# TASK ITEM:
Would you retype the whole listing exactly, leaving its pictures out?

# COLLECTED DATA:
^^^^^^^^^^^^^^^^

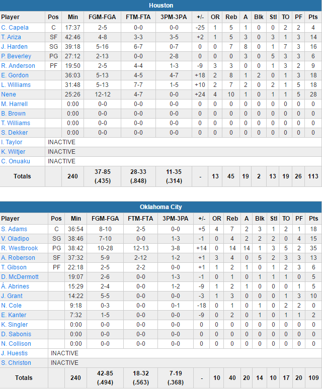 James Harden a connu un match très compliqué avec 16 points à 5/16, 7 rebonds, 8 passes et 7 passes ballons perdus, mais il a fait jouer ses coéquipiers et ils lui ont bien rendu. Nene est l’homme du match avec 28 points à 12/12 et 10 rebonds ! Eric Gordon et Lou Williams ajoutent 18 points chacun. En face Russell Westbrook a marqué l’histoire avec un nouveau triple-double qu’il a eu dès la mi-temps ! Il signe 35 points à 10/28, 14 rebonds et 14 passes mais n’a pas très bien géré son money time. Il devient seulement le second joueur de l’histoire à aligner 3 triple-doubles de suite en playoffs. Wilt Chamberlain détient le record avec 4. Il est devenu le premier de l’histoire à en aligner 3 avec au moins 30 points. Steven Adams signe 18 points et Victor Oladipo 15.
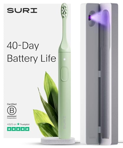 SURI Sonic Electric Toothbrush with UV Cleaning Travel Case | 40+ Day Battery |
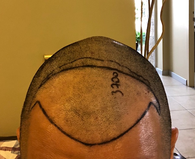 Gemacht wurde nur das 1/3 der Front. Da ich keine Medikamente nehme, hat Dr. Özgür gleich gesagt, dass es sinnvoller wäre, so zu transplantieren, als wäre vorne kein Resthaar mehr da.

^^^^^^^^^^^^^^^^

# EXERCISE ANSWER:
 James Harden a connu un match très compliqué avec 16 points à 5/16, 7 rebonds, 8 passes et 7 passes ballons perdus, mais il a fait jouer ses coéquipiers et ils lui ont bien rendu. Nene est l’homme du match avec 28 points à 12/12 et 10 rebonds ! Eric Gordon et Lou Williams ajoutent 18 points chacun. En face Russell Westbrook a marqué l’histoire avec un nouveau triple-double qu’il a eu dès la mi-temps ! Il signe 35 points à 10/28, 14 rebonds et 14 passes mais n’a pas très bien géré son money time. Il devient seulement le second joueur de l’histoire à aligner 3 triple-doubles de suite en playoffs. Wilt Chamberlain détient le record avec 4. Il est devenu le premier de l’histoire à en aligner 3 avec au moins 30 points. Steven Adams signe 18 points et Victor Oladipo 15.
 SURI Sonic Electric Toothbrush with UV Cleaning Travel Case | 40+ Day Battery |
 Gemacht wurde nur das 1/3 der Front. Da ich keine Medikamente nehme, hat Dr. Özgür gleich gesagt, dass es sinnvoller wäre, so zu transplantieren, als wäre vorne kein Resthaar mehr da.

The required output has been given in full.